**Raw data:**
■ ■ ■ ■

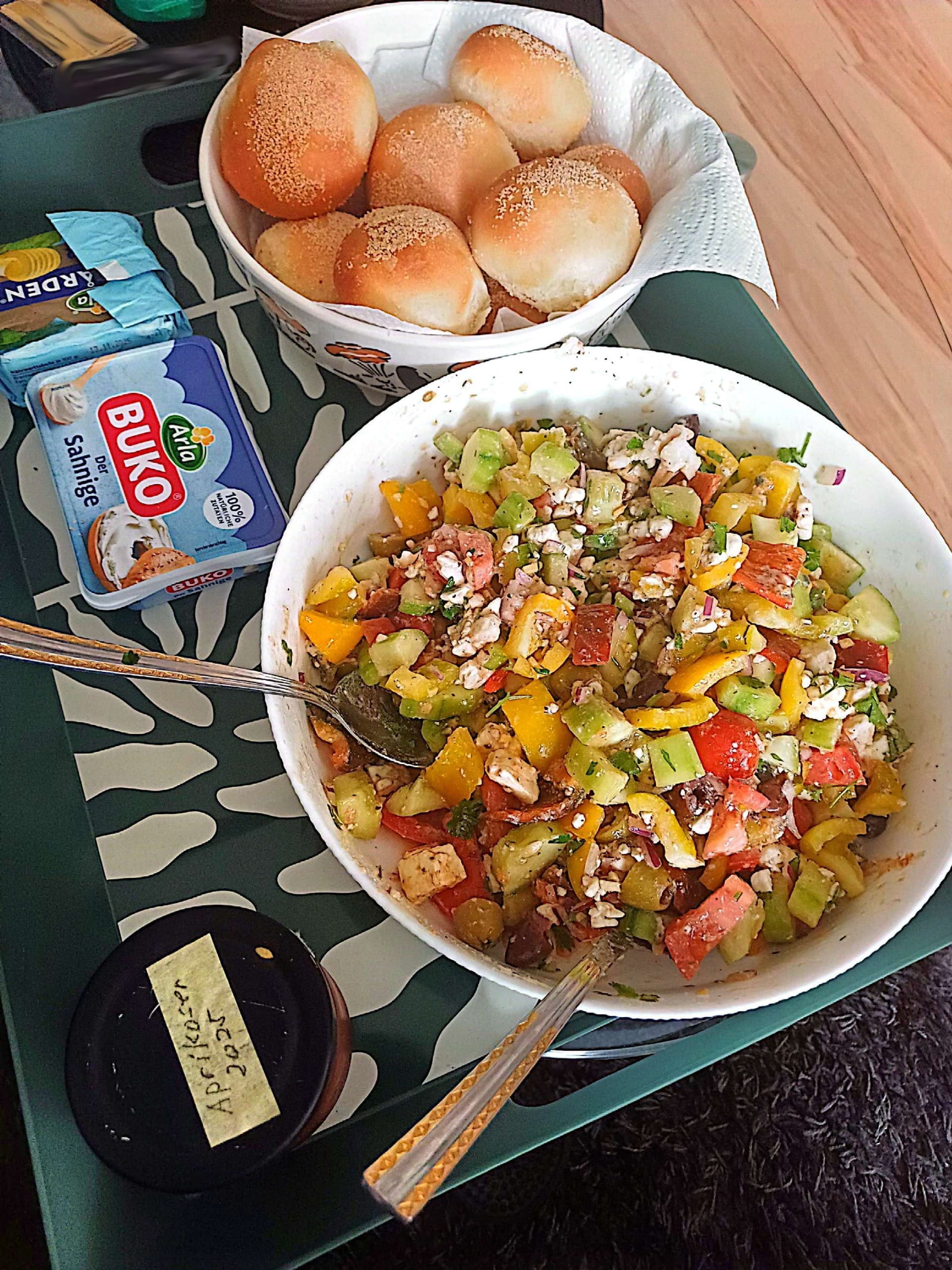 Frau hat die Brötchen selbst gebacken, irgendwie ist sie derzeit auf den Brot und Konsorten Backtripp.
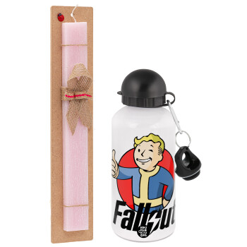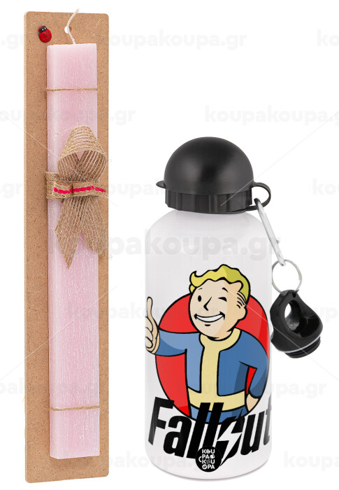Fallout Vault Boy, Πασχαλινή Λαμπάδα με παγούρι μεταλλικό αλουμινίου (500ml) & κερί αρωματικό πλακέ (30cm) (ΡΟΖ)
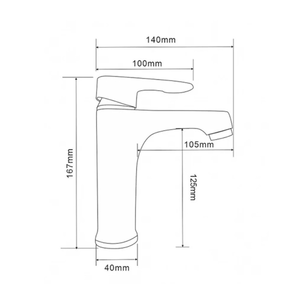 • Méretek: teljes magasság 167 mm, kifolyó magasság 125 mm, kifolyó hossz 105 mm, teljes hossz 140 mm, talpátmérő 40 mm

■ ■ ■ ■

**Exercise:**
Return the full listing above verbatim, please, but without its images.

**Answer for this exercise:**
 Frau hat die Brötchen selbst gebacken, irgendwie ist sie derzeit auf den Brot und Konsorten Backtripp.
Fallout Vault Boy, Πασχαλινή Λαμπάδα με παγούρι μεταλλικό αλουμινίου (500ml) & κερί αρωματικό πλακέ (30cm) (ΡΟΖ)
 • Méretek: teljes magasság 167 mm, kifolyó magasság 125 mm, kifolyó hossz 105 mm, teljes hossz 140 mm, talpátmérő 40 mm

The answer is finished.